Je ne me suis jamais réellement interrogé sur mes addictions – leur provenance, leur origine. Certains diront que ça correspond au starter pack du taré, qu'un bipolaire ne peut que se foutre un peu plus dans la merde en y ajoutant quelques ingrédients. Mais ce serait pensée ignorante et peu informée : la défonce est le seul moment où tout être devient bipolaire. Quand je suis déboîté, je me retrouve dans un cocon protecteur où je peux être tout – tout – être moi. Je deviens ce garçon commun, pas habitué à sa drogue et qui se retrouve prostré dans son premier bad ; sauf que c'est toute ma vie le premier bad, et il ne s'arrête jamais. C'est pour cette raison que je me pointe toujours décalqué sur son perron, complètement arraché : juste pour qu'il me trouve certes un peu débile, mais pas hors de l'ordinaire. Il me parle, comme si j'étais normal – toujours avec cet air de con coincé sur les lèvres, mais ne laissant son regard dévier sur moi avec pitié. Je commence à faire les liens, à tisser les fils autours de mon esprit tortueux pour en comprendre le contenu. Il en a rien à foutre de ma maladie, rien à battre des cachets que je prends pour calmer mes ardeurs, que faire non plus de ce corps couvert de bleus. Ce qui lui casse les couilles, c'est ma vraie personne, cet être dissimulé derrière ce voile de conneries. J'aime ça – que ce garçon que personne ne reconnaît soit enfin vu par lui – Eyre.

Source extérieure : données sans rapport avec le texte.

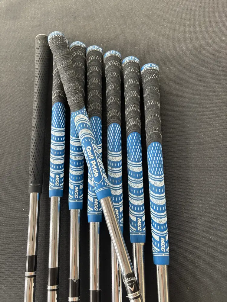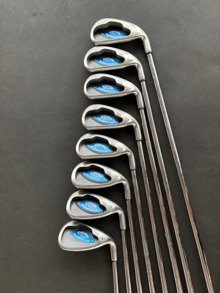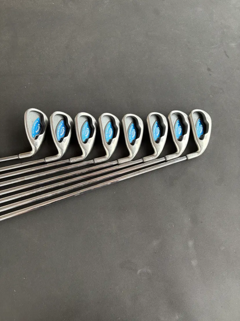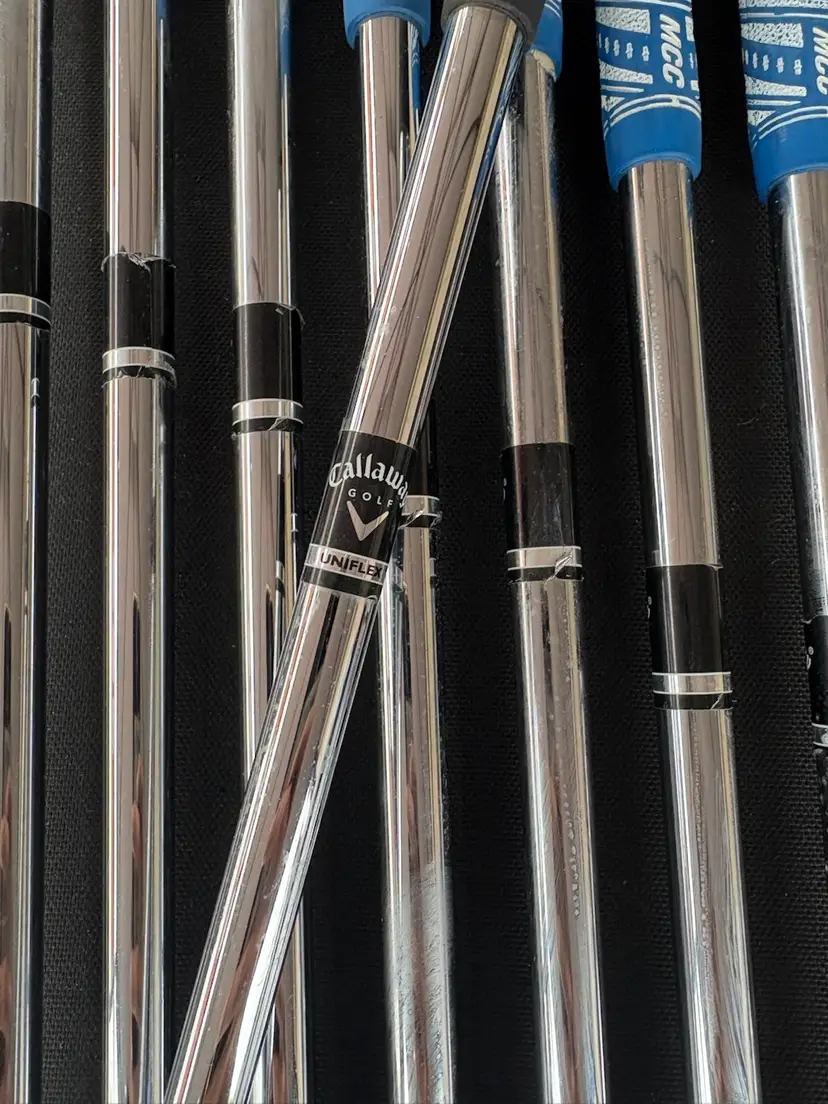 I want to be fully honest and lead with kindness and confidence so you know exactly what you’re getting: • Condition: These irons are in good used condition overall. The faces and soles show typical wear from play — light surface marks, but no cracks, dents, or major dings. The grooves are still strong and clean. • Grips: All clubs besides the 3 iron have brand new Golf Pride MCC grips professionally installed, offering excellent feel and traction. • Shafts: Original Callaway Uniflex steel shafts in great shape — no rust or pitting, just light wear consistent with normal play. • Clubs Included: 3, 4, 5, 6, 7, 8, 9, and Pitching Wedge (46°).
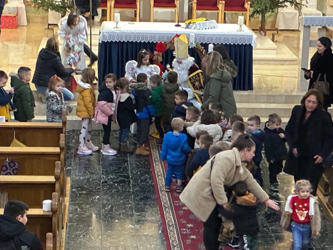Fra Draženko je u kratkom obraćanju najmlađima govorio o dobroti, zajedništvu i vrijednostima koje obilježavaju blagdan sv. Nikole, poželjevši svima blagoslovljen nastavak adventskog vremena.
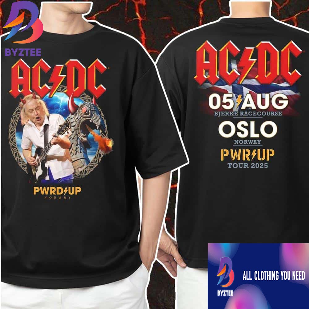 Byztee: ACDC PWR UP Tour Norway 2025 Oslo PWR UP Event Tour T-Shirt At Bjerke Racecourse On August 5th 2025 Artwork By Skurktur Merch Two Sides Classic Tee Introduction:
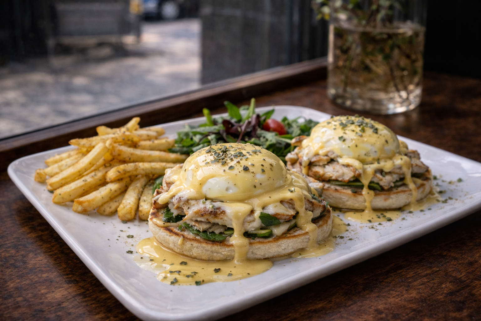 Grilled chicken breast on a toasted English muffin, topped with two poached eggs and house hollandaise.

Je suis complètement déconnecté de ce qui m'entoure, empêtré dans l'analyse de mon psyché, confiné dans cet espace qui ne me laisse pas une seconde d'insouciance. Mon corps est parcouru par un flot constant d'informations à trier – milliers de papiers dans cet désert administratif qu'est mon encéphale. Quand on me balançait dans la salle d'attente du psy, j'avais envie de hurler de rire, hurler de détresse – une personne extérieure ne pourra jamais comprendre ce qui se produit en moi, ce qui me perce – ce mal, ce bien. Le seul qui ne semble pas vouloir y entrer, ne pas chercher à comprendre, c'est Lui. Alors je pose mes avant-bras sur mes genoux, ma tête contre mon épaule et je l'observe. Il parle, cherche lui-même à se comprendre – il est aussi taré que moi. 'I don't know what I wanna be dude : I don't even know what I am. I just wanna chill, allow myself to be surprised, take time to appreciate life 'cause that's what we're fucking missing : time. I don't know what I wanna be but I fucking don't wanna be alone.'

Je suis calme, relaxé, chaque mot est prononcé avec soin, chaque intonation réfléchie pour ne pas laisser le mal m'envahir. Je ne veux pas non plus être normal, être un gars lambda qui ne réfléchit pas. Je l'aime ma putain de maladie – c'est elle qui m'a fait réaliser que chaque instant est un travail, un effort. Que chaque minute rime avec contrôle et qu'il faut se battre pour pas péter un plomb. C'est pour ça que j'apprécie cette seconde, mes yeux plongés dans les siens : c'est pour des secondes comme celles-ci que je bataille contre ce mal. Et puis, c'est très certainement ce mal qui m'a emmené à ses côtés. Je prends la manette, passe mes doigts sur le stickers et envoie un léger sourire dans sa direction. 'I'm really not that much of a player, don't mock me.'

Une pièce close, pas de lumière, du sang. Et soudain encore plus de sang. Je comprends le jeu lorsque je me rends compte que le but n'est pas de crever pendant la première seconde. Nouvelle vie, j'avance, je souris, je ris même. Je me fais dégommer mais la mort n'a jamais eu un goût si doux. On recommence, je m'enivre de la frivolité de cette occupation, ressens comme de l'extase en comprenant que mon esprit s'agite moins, que mon cerveau émet des sons à un volume moins important. Je sors deux cigarettes de mon paquet, en coince une entre mes dents et dépose l'autre entre ses lèvres. Je m'approche, pose ma main contre sa joue pour permettre à la flamme de se raidir, j'allume sa cigarette – puis la mienne.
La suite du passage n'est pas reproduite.